Download or read book Useful Objects written by Reed Gochberg and published by Oxford University Press. This book was released on 2021 with total page 273 pages. Available in PDF, EPUB and Kindle. Book excerpt: 'Useful Objects' examines the cultural history of nineteenth-century American museums through the eyes of writers, visitors, and collectors. Throughout this period, museums gradually transformed from encyclopedic cabinets to more specialized public institutions. These changes prompted wider debates about how museums determine what objects to select, preserve, and display-and who gets to decide. Drawing on a wide range of archival materials and accounts in fiction, guidebooks, and periodicals, this text shows how the challenges facing nineteenth-century museums continue to resonate in debates about their role in American culture today.

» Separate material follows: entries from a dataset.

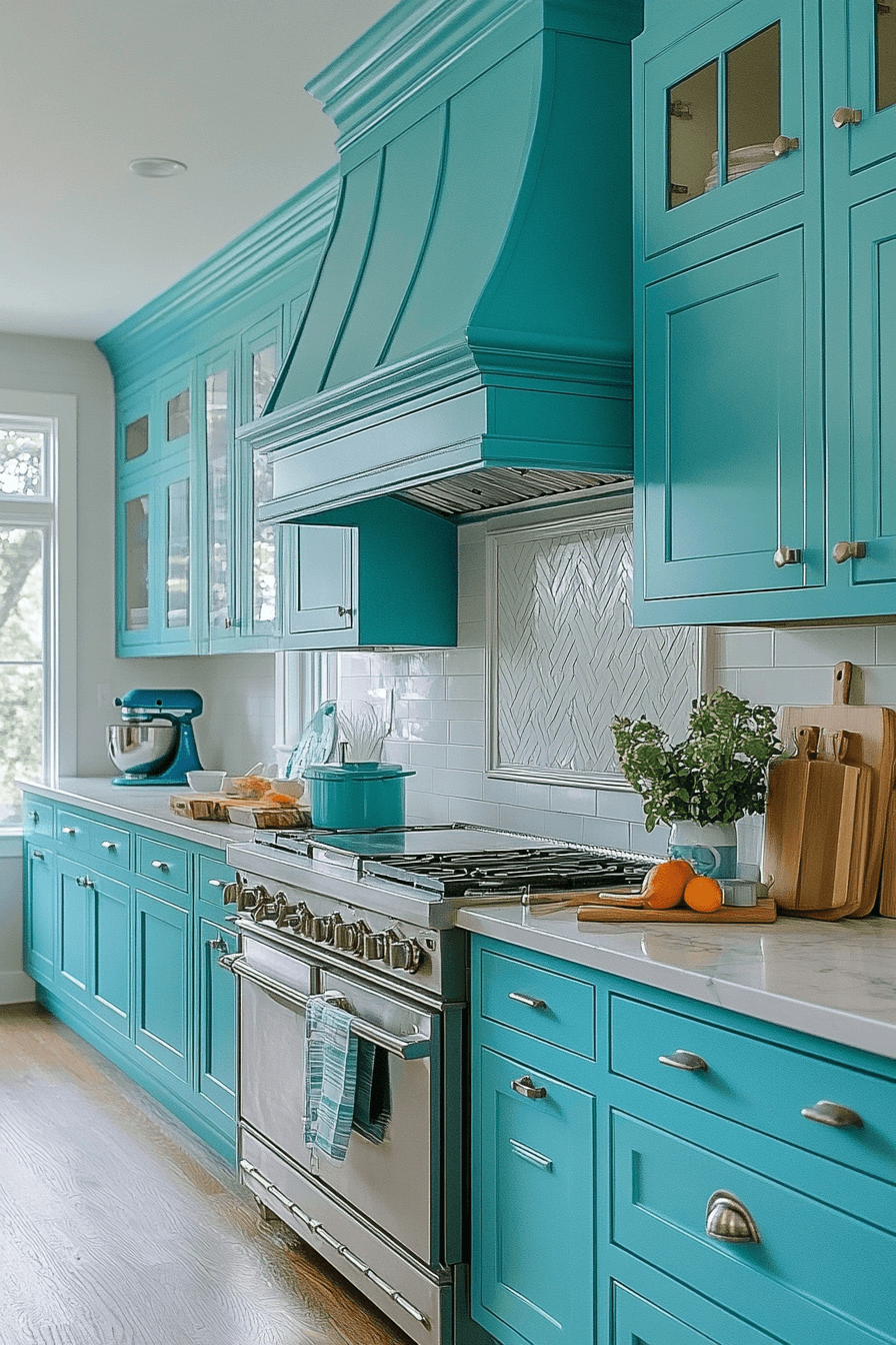 Expressive charm shines with turquoise kitchen cabinet color ideas. This blue-green shade adds instant personality and fun. Turquoise cabinetry pairs effortlessly with white and copper accents. The space feels lively and creative. It’s perfect for eclectic kitchens.
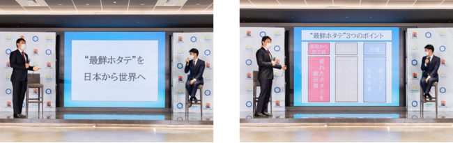 「AIセレクタ」の発表に加え、「獲れたてより“新鮮”、獲れたてより“美味しい”」をコンセプトに、急速凍結のハイブリッドアイスやマイクロバブル(製造:株式会社ヤマザキ)等を利用して製造する「最鮮シリーズ」の第1弾として、「最鮮ホタテ」をHL社ブランドとして、2022年6月にHL社が運営する EC サイト「ご当地こわけ(https://www.kowake.shop/)」にて発売予定であることも発表。6月に竣工予定の約5億円をかけ増設した工場で最鮮ホタテを製造し、3年以内には、EUを中心とした海外へ輸出することを目指していると言い「高品質な素晴らしい日本の水産品のおいしさを世界へお届けする予定。」と意気込みを話しました。(最鮮ホタテサイト:https://www.saisenhotate.com/)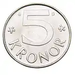 - 5 крон (все монеты, выпущенные с 1954 года);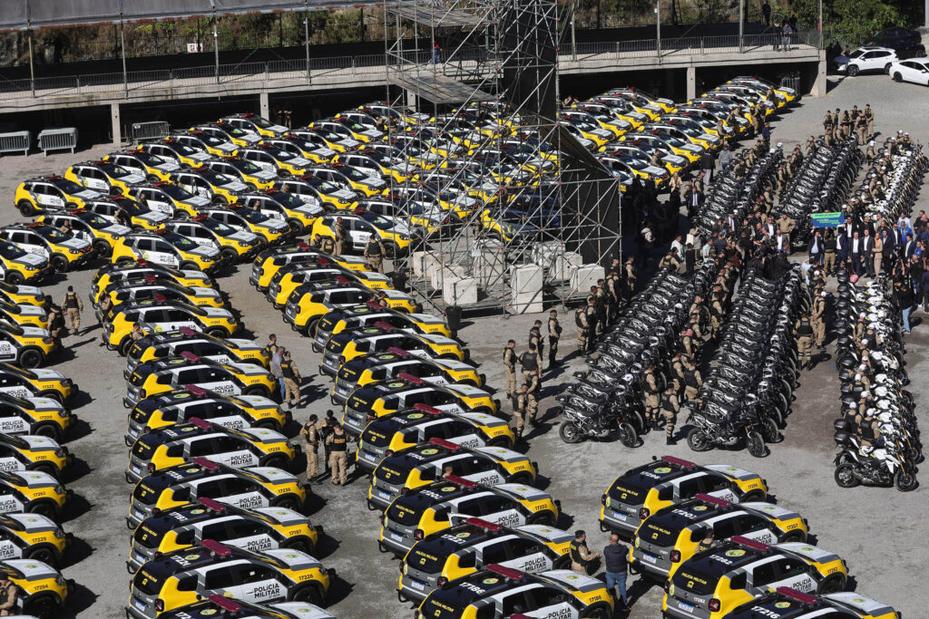 O governador Carlos Massa Ratinho Junior entregou nesta terça-feira (17) 209 motocicletas e 222 automóveis novos para as forças tática e operacional da Polícia Militar do Paraná (PMPR). Foram investidos R$ 63,2 milhões para a renovação da frota de viaturas, que serão distribuídos para diversas unidades da PMPR, incluindo o Batalhão de Operações Especiais (BOPE) e a Patrulha Maria da Penha.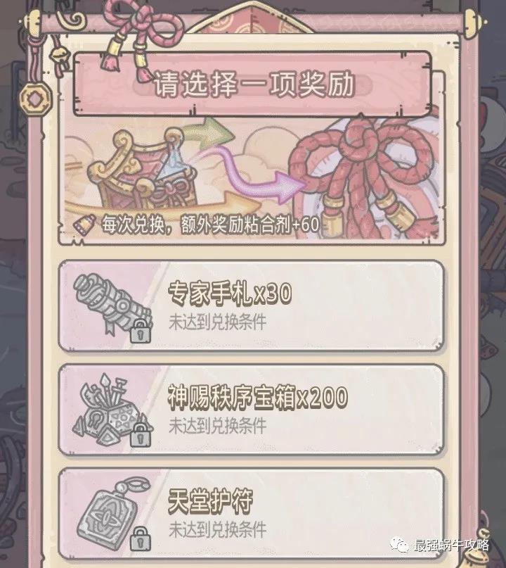 第二档:消耗1000红绳,兑换任意奖项后获得60粘合剂【建议】如果不缺天堂护符就我个人而言,会兑换神赐秩序宝箱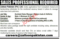 Apply as per details in job advertisement. Login to view further details of how to apply via https://www.jobz.pk online.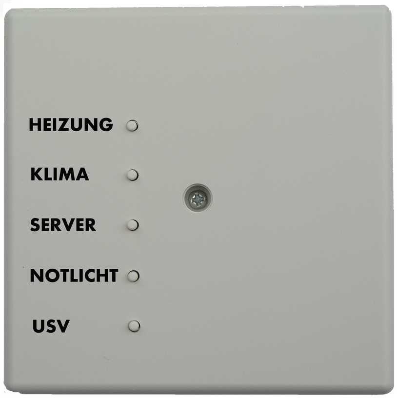 Dieses Störmelde-Prüftableau „SMPT-5G“ in der Gehäuseversion wurde konzipiert, um Störungsmeldungen beliebiger Quellen, wie z.B. von der Heizung, von der Klimaanlage, von der Notstromversorgung USV, der EDV und anderer Gebäude-relevanter Störungen an eine Leitstelle, zum Pförtner etc. weiterleiten zu können. Da die Störungen aus bspw. Heizung, Klima, EDV unterschiedliche Potentiale liefern um eine Störungsmeldung als solche erkennen zu können (manchmal schließt oder öffnet ein Kontakt, oder im besten Fall ist die Störungsmeldung mit einem Überwachungswiderstand, im Störung-„absetzenden“-System, also als Differenzial-Meldelinie geschaltet), lässt sich durch das Umstecken eines Jumpers je Überwachungskanal das Störungskriterium festlegen: 1.Öffnungs-Kontakt, 2.Schließer-Kontakt, 3.Öffnungs-Kontakt mit Widerstandsüberwachung. Die 5 Kanäle arbeiten untereinander potentialfrei (obwohl das Foto an den Ausgängen mit einem Masse-Zeichen versehen ist, sind diese Anschlüsse nicht untereinander verbunden). Durch das Beschalten der Eingangsklemmen und dem Umstecken der Jumper wird die Art der Kontaktgabe im Störungsfall festgelegt (Öffner, Schließer, widerstandsüberwachter Öffner). Der beigefügte „Beipackzettel“ beschreibt in Kurzform das Produkt incl. der Beschaltung der Platine undenthält die Auflistung der technischen Daten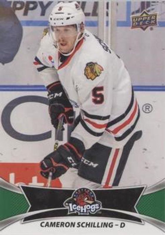 The Cameron Schilling 2016 Upper Deck AHL #45 Green card is 1 of 8 Cameron Schilling's card variations in the 2016 Upper Deck AHL set being tracked by Sports Card Investor, including Base, Red, Printing Plates Black /1, Printing Plates Cyan /1, and Printing Plates Magenta /1.

Book The Ladies  Companion

Download or read book The Ladies Companion written by and published by . This book was released on 1839 with total page 330 pages. Available in PDF, EPUB and Kindle. Book excerpt:

Book Gentleman s Magazine

    Book Details:
  • Author : William Evans Burton
  • Publisher :
  • Release : 1839
  • ISBN :
  • Pages : 368 pages

Download or read book Gentleman s Magazine written by William Evans Burton and published by . This book was released on 1839 with total page 368 pages. Available in PDF, EPUB and Kindle. Book excerpt:

Book The Place of Stone

    Book Details:
  • Author : Douglas Hunter
  • Publisher : UNC Press Books
  • Release : 2017-08-04
  • ISBN : 1469634414
  • Pages : 343 pages

Download or read book The Place of Stone written by Douglas Hunter and published by UNC Press Books. This book was released on 2017-08-04 with total page 343 pages. Available in PDF, EPUB and Kindle. Book excerpt: Claimed by many to be the most frequently documented artifact in American archeology, Dighton Rock is a forty-ton boulder covered in petroglyphs in southern Massachusetts. First noted by New England colonists in 1680, the rock's markings have been debated endlessly by scholars and everyday people alike on both sides of the Atlantic. The glyphs have been erroneously assigned to an array of non-Indigenous cultures: Norsemen, Egyptians, Lost Tribes of Israel, vanished Portuguese explorers, and even a prince from Atlantis. In this fascinating story rich in personalities and memorable characters, Douglas Hunter uses Dighton Rock to reveal the long, complex history of colonization, American archaeology, and the conceptualization of Indigenous people. Hunter argues that misinterpretations of the rock's markings share common motivations and have erased Indigenous people not only from their own history but from the landscape. He shows how Dighton Rock for centuries drove ideas about the original peopling of the Americas, including Bering Strait migration scenarios and the identity of the "Mound Builders." He argues the debates over Dighton Rock have served to answer two questions: Who belongs in America, and to whom does America belong?